Every line of the listing below is to be repeated exactly; the pictures stay out.

**Data below**
######

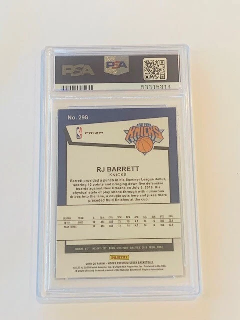 Absolutely awesome and highly collectible RARE 2019 Hoops Green Pulsar sp insert rookie RJ Barrett short print a PSA 9. See all pictures for amazing condition, size, and detail. There are absolutely no returns on graded sports cards as you know exactly what you are getting because it is professionally graded and the market for sports cards changes literally on a daily basis. Check out my store for some of the rarest vintage collectibles online from all eras. Thanks for looking and have a great day! :)
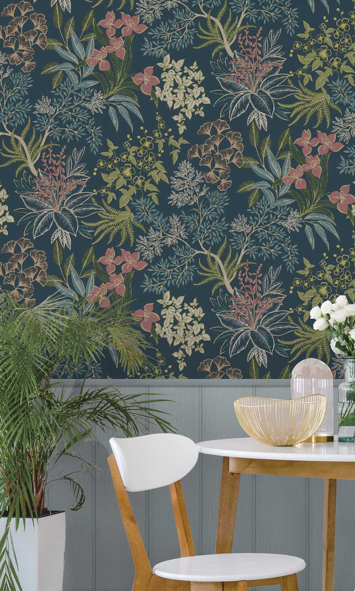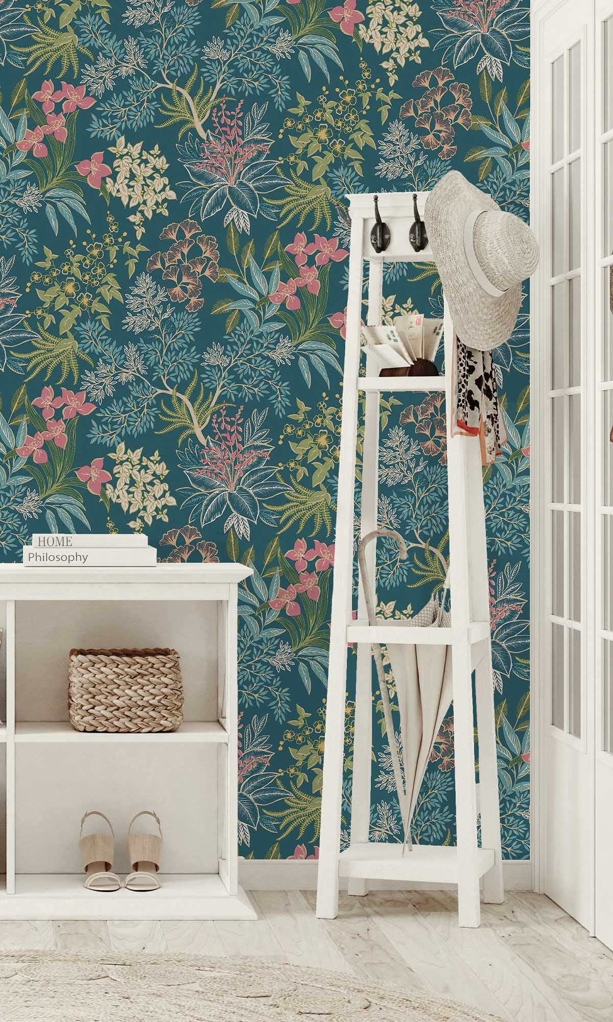 Let’s be honest: your walls are practically crying out for some excitement, and the Lush Foliage Wallpaper is just the ticket. Imagine a jungle atmosphere with a sprinkle of glam—it's like your living room has stepped right into its own nature documentary. You’ve got this vibrant mix of trees, flowers, and all kinds of lush greenery, so it doesn’t just sit there looking nice; it actually breathes life into your space. And those little metallic accents? They catch the light perfectly, making your walls shimmer (but in a classy way, not like a flashy Vegas sign).
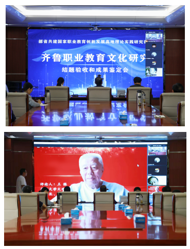 《齊魯職業(yè)教育文化研究》項(xiàng)目是由棗莊職業(yè)學(xué)院牽頭,聯(lián)合天津職業(yè)技術(shù)師范大學(xué)、威海海洋職業(yè)學(xué)院共同完成。此次會議采取線上線下結(jié)合的方式召開,分為成果公開報(bào)告會、結(jié)題驗(yàn)收和成果鑒定會兩個(gè)階段進(jìn)行。副院長張藍(lán)兮主持會議。
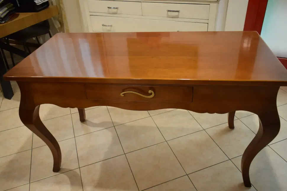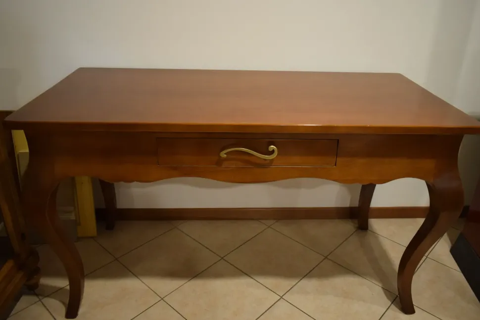La scrivania in legno stile classico, intramontabile nel tempo, di grande arredo, un mobile artigianale costruito da sapienti falegnami veneti. Le dimensioni della scrivania è 140 x 80 con gli angoli arrotondati smussati, anche le gambe sono curve belle rotonde verso l’esterno, una forma originale, nella parte centrale un cassetto in legno, con la maniglietta in acciaio per aprirlo comodamente. La nostra offerta è di Euro 400, 00 con la consegna compresa nel prezzo, in tutta Italia. Per maggiori informazioni e dettagli inviateci info 340 0557150

######

**Exercise solution**
 Absolutely awesome and highly collectible RARE 2019 Hoops Green Pulsar sp insert rookie RJ Barrett short print a PSA 9. See all pictures for amazing condition, size, and detail. There are absolutely no returns on graded sports cards as you know exactly what you are getting because it is professionally graded and the market for sports cards changes literally on a daily basis. Check out my store for some of the rarest vintage collectibles online from all eras. Thanks for looking and have a great day! :)
 Let’s be honest: your walls are practically crying out for some excitement, and the Lush Foliage Wallpaper is just the ticket. Imagine a jungle atmosphere with a sprinkle of glam—it's like your living room has stepped right into its own nature documentary. You’ve got this vibrant mix of trees, flowers, and all kinds of lush greenery, so it doesn’t just sit there looking nice; it actually breathes life into your space. And those little metallic accents? They catch the light perfectly, making your walls shimmer (but in a classy way, not like a flashy Vegas sign).
 《齊魯職業(yè)教育文化研究》項(xiàng)目是由棗莊職業(yè)學(xué)院牽頭,聯(lián)合天津職業(yè)技術(shù)師范大學(xué)、威海海洋職業(yè)學(xué)院共同完成。此次會議采取線上線下結(jié)合的方式召開,分為成果公開報(bào)告會、結(jié)題驗(yàn)收和成果鑒定會兩個(gè)階段進(jìn)行。副院長張藍(lán)兮主持會議。
La scrivania in legno stile classico, intramontabile nel tempo, di grande arredo, un mobile artigianale costruito da sapienti falegnami veneti. Le dimensioni della scrivania è 140 x 80 con gli angoli arrotondati smussati, anche le gambe sono curve belle rotonde verso l’esterno, una forma originale, nella parte centrale un cassetto in legno, con la maniglietta in acciaio per aprirlo comodamente. La nostra offerta è di Euro 400, 00 con la consegna compresa nel prezzo, in tutta Italia. Per maggiori informazioni e dettagli inviateci info 340 0557150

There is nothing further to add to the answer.